TEDxNYed: This is bullshit

Here are my notes for my talk to the TEDxNYed gathering this past weekend. I used the opportunity of a TED event to question the TED format, especially in relation to education, where — as in media — we must move past the one-way lecture to collaboration. I feared I’d get tomatoes — organic — thrown at me at the first line, but I got laugh and so everything we OK from there. The video won’t be up for a week or two so I’ll share my notes. It’s not word-for-word what I delivered, but it’s close….

* * *

This is bullshit.

Why should you be sitting there listening to me? To paraphrase Dan Gillmor, you know more than I do. Will Richardson should be up here instead of me. And to paraphrase Jay Rosen, you should be the people formerly known as the audience.

But right now, you’re the audience and I’m lecturing.

That’s bullshit.

What does this remind of us of? The classroom, of course, and the entire structure of an educational system built for the industrial age, turning out students all the same, convincing them that there is one right answer — and that answer springs from the lecturn. If they veer from it they’re wrong; they fail.

What else does this remind us of? Media, old media: one-way, one-size-fits-all. The public doesn’t decide what’s news and what’s right. The journalist-as-speaker does.

But we must question this very form. We must enable students to question the form.

I, too, like lots of TED talks. But having said that….

During the latest meeting of Mothership TED, I tweeted that I didn’t think I had ever seen any TEDster tweet anything negative about a talk given there, so enthralled are they all for being there, I suppose. I asked whether they were given soma in their shwag bags.

But then, blessed irony, a disparaging tweet came from none other than TED’s curator, dean, editor, boss, Chris Anderson. Sarah Silverman had said something that caused such a kerfuffle Anderson apologized and then apologized for the apology, so flummoxed was he by someone coming into the ivory tower of TED to shake things up with words.

When I tweeted about this, trying to find out what Silverman had said, and daring to question the adoration TEDsters have for TED, one of its acolytes complained about my questioning the wonders of TED. She explained that TED gave her “validation.”


Good God, that’s the last thing we should want. We should want questions, challenges, discussion, debate, collaboration, quests for understanding and solutions. Has the internet taught us any less?

But that is what education and media do: they validate.

They also repeat. In news, I have argued that we can no longer afford to repeat the commodified news the public already knows because we want to tell the story under our byline, exuding our ego; we must, instead, add unique value.

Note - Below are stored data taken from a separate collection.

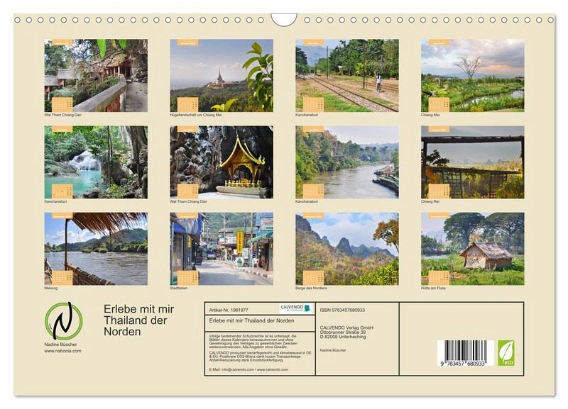 QUALITÄT - Hochwertiger Fotokalender mit 12 wunderschönen Motiven auf lichtbeständigem Bilderdruckpapier, robuste Spiralbindung mit Aufhängebügel.NACHHALTIG - deutliche Abfallreduzierung durch bedarfsgerechte Einzelstückfertigung, umweltfreundliches FSC-zertifiziertes Papier, Produktion in Deutschland, klimabewusste Logistik.PERFEKTES GESCHENK - Kalender für Freunde und Familie, für Kinder und Erwachsene, jung und alt, zu Weihnachten, Geburtstag oder zwischendurch.VIELFALT - Bildkalender in verschiedenen Formaten, z.B. DIN A5, DIN A4, DIN A3 sowie DIN A2. Ob Naturmotiv, Gemälde oder Fotos, ideal für ein persönliches Wohlfühlambiente.Thailands Norden ist abwechslungsreich und beeindruckt mit seiner Naturschönheit. von Autor(in): Nadine Büscher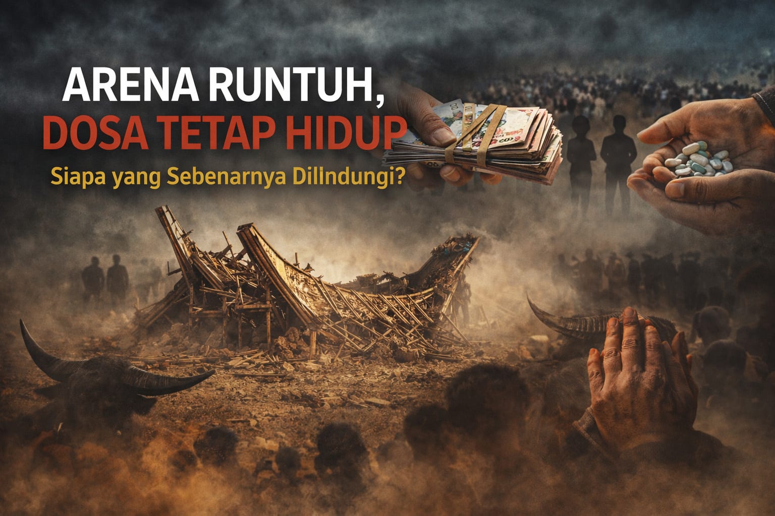 KATA-KITA.ID |TANA TORAJA – OPINI Oleh Gibion Lomo, Runtuhnya arena bukan sekadar peristiwa fisik. Ia adalah simbol. Simbol dari sesuatu yang selama ini dibiarkan tumbuh, dipelihara, bahkan dibela atas nama tradisi.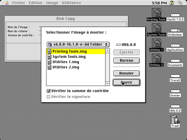 1) faire monter les images disques d'installation du système sur le bureau (avec DiskCopy version 6.x)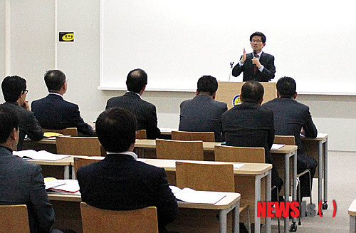【포천=뉴시스】 이종구 기자 = 김문수 경기도지사는 9일 차의과학대학교 미래관에서 열린 차의대 최고경영자과정 초청 강연에서 통일에 대한 생각을 밝히고 있다. 2014.04.09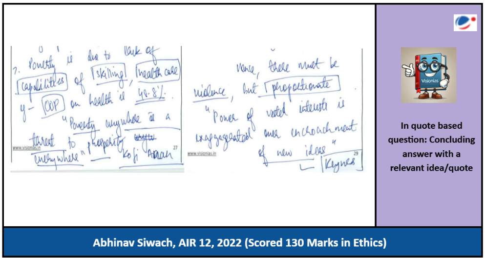Abhinav follows a unique approach in concluding his quote-based answers—he ends them with another insightful quote, ethical principle, or a thought-provoking idea. This ensures that the answer leaves a lasting impact on the examiner. It also helps tie the response together in a more holistic manner.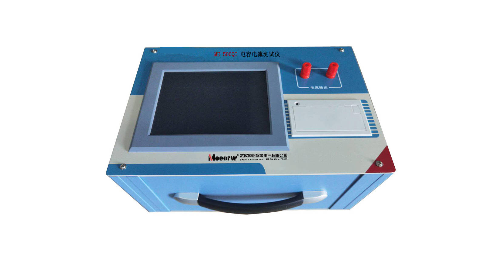 ☆ 测量误差:(三相对地总电容3μF (三相对地总电容90μF< CX<250μF时测量精度±10%) ☆ 工作温度:-10℃~50℃ ☆ 工作湿度:0~80% ☆ 工作电源:AC 220V±10% 50Hz±1Hz ☆ 外行尺寸:350mm×200mm×150mm ☆ 仪器重量:2.5kg ☆ 使用电网电压等级:1kV~66kV ME-500QC 电容电流测试仪功能特点 ☆ 原理:通过PT二次侧开口三角形异频感应测试。 ☆ 接线简单:输入接线通过PT二次侧开口三角形。 ☆ 安全可靠:低压操作,异频小信号,对PT的保护和测量信号无影响。 ☆ 使用方便:不停电测试。 ☆ 操作方便:8寸触摸屏液晶显示,中文菜单,人机对话页面友好,具有电子万年历实时显示,RS232数据实时通信,数据存储,打印,仪器具有帮助文档,仪器操作简单方便。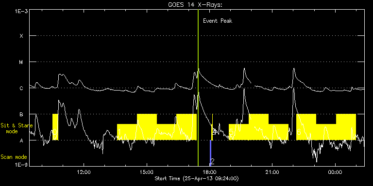 EIS Observation timeline overlay to GOES-Xray curve Code 1" 2" 40" 266" EIS Observations list for this event: STUDY ACRONYM ID DATE OBSERVED DESCRIPTION NOAA# TARGET 0 FLARE266_TEST2 | 33190 | 2013/04/25 10:30:34 | XRT Flare Trigger obs (AR 11726) | | Active Region TIMELINE ID DATE OBSERVED FITS FILE XCEN (+W/-E) YCEN (+N/-S) DUR ----------------------------------------------------------------------------------------------------------------- 33190 | 2013/04/25 10:30:34.000 | eis_l0_20130425_103034.fits.gz | 678.92 | 235.26 | 16m11s 1 FLARE266_TEST2 | 33191 | 2013/04/25 13:35:27 | XRT Flare Trigger obs (AR 11726) | 1726 | Active Region TIMELINE ID DATE OBSERVED FITS FILE XCEN (+W/-E) YCEN (+N/-S) DUR ----------------------------------------------------------------------------------------------------------------- 33191 | 2013/04/25 13:35:27.000 | eis_l0_20130425_133527.fits.gz | 692.21 | 233.10 | 56m 33191 | 2013/04/25 14:32:19.000 | eis_l0_20130425_143219.fits.gz | 696.22 | 232.17 | 56m 33191 | 2013/04/25 15:29:10.000 | eis_l0_20130425_152910.fits.gz | 700.01 | 231.71 | 56m1s 33191 | 2013/04/25 16:26:02.000 | eis_l0_20130425_162602.fits.gz | 703.87 | 231.01 | 56m 2 PRY_slot_contextLITE | 33155 | 2013/04/25 18:01:57 | EIS AIA alignment | | Active Region TIMELINE ID DATE OBSERVED FITS FILE XCEN (+W/-E) YCEN (+N/-S) DUR ----------------------------------------------------------------------------------------------------------------- 33155 | 2013/04/25 18:01:57.000 | eis_l0_20130425_180157.fits.gz | -15.29 | -0.50 | 2m56s 3 Alignment_266 | 33156 | 2013/04/25 18:05:37 | EIS AIA alignment | | Quiet Sun TIMELINE ID DATE OBSERVED FITS FILE XCEN (+W/-E) YCEN (+N/-S) DUR ----------------------------------------------------------------------------------------------------------------- 33156 | 2013/04/25 18:05:37.000 | eis_l0_20130425_180537.fits.gz | -132.49 | -0.50 | 1m22s 4 XRT_synop_AIA | 33157 | 2013/04/25 18:08:34 | EIS AIA alignment | | Quiet Sun TIMELINE ID DATE OBSERVED FITS FILE XCEN (+W/-E) YCEN (+N/-S) DUR ----------------------------------------------------------------------------------------------------------------- 33157 | 2013/04/25 18:08:34.000 | eis_l0_20130425_180834.fits.gz | -132.49 | -0.50 | 10s 5 FLARE266_TEST2 | 33192 | 2013/04/25 18:55:44 | XRT Flare Trigger obs (AR 11726) | 1726 | Active Region TIMELINE ID DATE OBSERVED FITS FILE XCEN (+W/-E) YCEN (+N/-S) DUR ----------------------------------------------------------------------------------------------------------------- 33192 | 2013/04/25 18:55:44.000 | eis_l0_20130425_185544.fits.gz | 713.53 | 229.16 | 56m 33192 | 2013/04/25 19:52:36.000 | eis_l0_20130425_195236.fits.gz | 717.16 | 228.54 | 55m59s 33192 | 2013/04/25 20:49:27.000 | eis_l0_20130425_204927.fits.gz | 720.64 | 227.84 | 56m1s 6 FLARE266_TEST2 | 33193 | 2013/04/25 22:09:14 | XRT Flare Trigger obs (AR 11726) | 1726 | Active Region TIMELINE ID DATE OBSERVED FITS FILE XCEN (+W/-E) YCEN (+N/-S) DUR ----------------------------------------------------------------------------------------------------------------- 33193 | 2013/04/25 22:09:14.000 | eis_l0_20130425_220914.fits.gz | 761.42 | 209.23 | 56m 33193 | 2013/04/25 23:06:06.000 | eis_l0_20130425_230606.fits.gz | 761.27 | 209.38 | 56m 33193 | 2013/04/26 00:02:57.000 | eis_l0_20130426_000257.fits.gz | 761.34 | 209.30 | 56m1s : Check study information : Download file : View thumbnails For this event, also check for:

The same can be said of the academic lecture. Does it still make sense for countless teachers to rewrite the same essential lecture about, say, capillary action? Used to be, they had to. But not now, not since open curricula and YouTube. Just as journalists must become more curator than creator, so must educators.

A few years ago, I had this conversation with Bob Kerrey at the New School. He asked what he could do to compete with brilliant lectures now online at MIT. I said don’t complete, complement. I imagined a virtual Oxford based on a system of lecturers and tutors. Maybe the New School should curate the best lectures on capillary action from MIT and Stanford or a brilliant teacher who explains it well even if not from a big-school brand; that could be anyone in YouTube U. And then the New School adds value by tutoring: explaining, answering, probing, enabling.

The lecture does have its place to impart knowledge and get us to a shared starting point. But it’s not the be-all-and-end-all of education – or journalism. Now the shared lecture is a way to find efficiency in ending repetition, to make the best use of the precious teaching resource we have, to highlight and support the best. I’ll give the same advice to the academy that I give to news media: Do what you do best and link to the rest.

I still haven’t moved past the lecture and teacher as starting point. I also think we must make the students the starting point.

At a Carnegie event at the Paley Center a few weeks ago, I moderated a panel on teaching entrepreneurial journalism and it was only at the end of the session that I realized what I should have done: start with the room, not the stage. I asked the students in the room what they wished their schools were teaching them. It was a great list: practical yet visionary.

I tell media that they must become collaborative, because the public knows much, because people want to create, not just consume, because collaboration is a way to expand news, because it is a way to save expenses. I argue that news is a process, not a product. Indeed, I say that communities can now share information freely – the marginal cost of their news is zero. We in journalism should ask where we can add value. But note that that in this new ecosystem, the news doesn’t start with us. It starts with the community.

I’ve been telling companies that they need to move customers up the design chain. On a plane this week, I sat next to a manufacturer of briefcases last week and asked whether, say, TechCrunch could get road warriors to design the ultimate laptop bag for them, would he build it? Of course, he would.

So we need to move students up the education chain. They don’t always know what they need to know, but why don’t we start by finding out? Instead of giving tests to find out what they’ve learned, we should test to find out what they don’t know. Their wrong answers aren’t failures, they are needs and opportunities.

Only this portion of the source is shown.